AIM OF THE EXERCISE: Copy exactly the lines from the beginning of the data down to and including the line holding "不过最近有人做到了,在英国的", without any pictures.

DATA SHOWN:
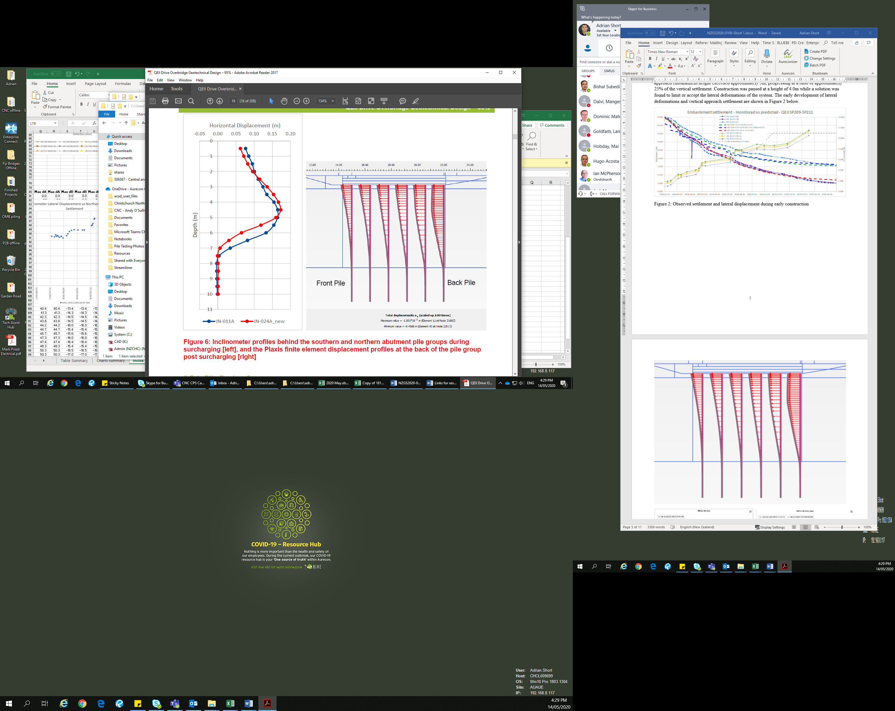 The design relied heavily on finite element modelling through Plaxis and RS2, which was able to closely match the observed behaviour and deformations of the system. In the authors view, there was no force-based technique that adequately captured the complex deformation pattern of the pile group or enabled meaningful predictions of the total deformation and pile actions. An elastic plastic finite element model was useful for showing the system behaviour, although to produce a closely matched back-analysis, and to predict the time dependent construction behaviour, a soft soil creep model was used for the detailed design.
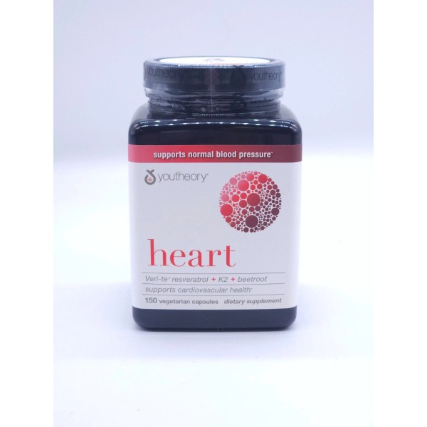 Youtheory® Heart is a complete health supplement for your heart with a blend of clinically studied Veri-te™ Resveratrol, K2VITAL® Vitamin K, and beetroot - along with essential nutrients folate and magnesium. The result is a formula that supports normal blood pressure and circulation, while helping to reduce oxidative stress and cellular damage*
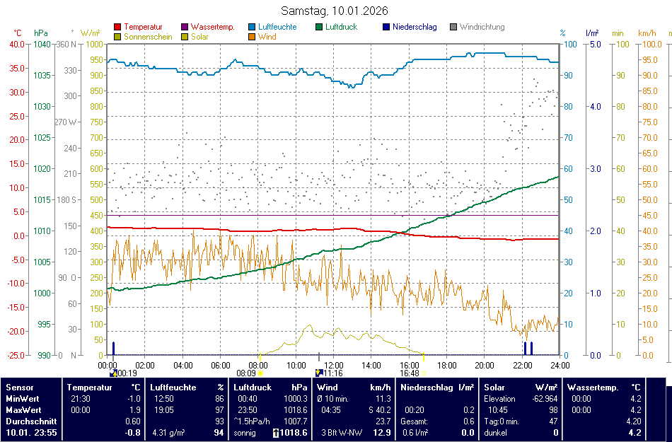 | 11.01.2026 | Höhe ü. NN | Zeit | Temperatur (°C) | Nieder- schlag | Luft- feuchte | Luft- druck | Wind |
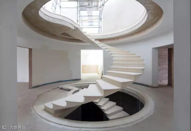 不过最近有人做到了,在英国的一处私宅里,有两段旋转角度达到320度的楼梯,旋转的同时,轻微地扭转,在两层楼之间轻盈地搭着。
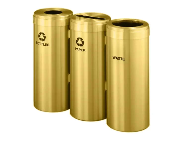 Each RecyclePro is double wall fire-safe; built with recycled aluminum. Choose from satin aluminum or tarnish-proof satin brass. Alternatively choose one of many powder coat colors; finished on recycled galvanized steel. Also, mix and match each waste stream with any of the aforementioned finishes.

FINAL ANSWER:
 The design relied heavily on finite element modelling through Plaxis and RS2, which was able to closely match the observed behaviour and deformations of the system. In the authors view, there was no force-based technique that adequately captured the complex deformation pattern of the pile group or enabled meaningful predictions of the total deformation and pile actions. An elastic plastic finite element model was useful for showing the system behaviour, although to produce a closely matched back-analysis, and to predict the time dependent construction behaviour, a soft soil creep model was used for the detailed design.
 Youtheory® Heart is a complete health supplement for your heart with a blend of clinically studied Veri-te™ Resveratrol, K2VITAL® Vitamin K, and beetroot - along with essential nutrients folate and magnesium. The result is a formula that supports normal blood pressure and circulation, while helping to reduce oxidative stress and cellular damage*
 | 11.01.2026 | Höhe ü. NN | Zeit | Temperatur (°C) | Nieder- schlag | Luft- feuchte | Luft- druck | Wind |
 不过最近有人做到了,在英国的一处私宅里,有两段旋转角度达到320度的楼梯,旋转的同时,轻微地扭转,在两层楼之间轻盈地搭着。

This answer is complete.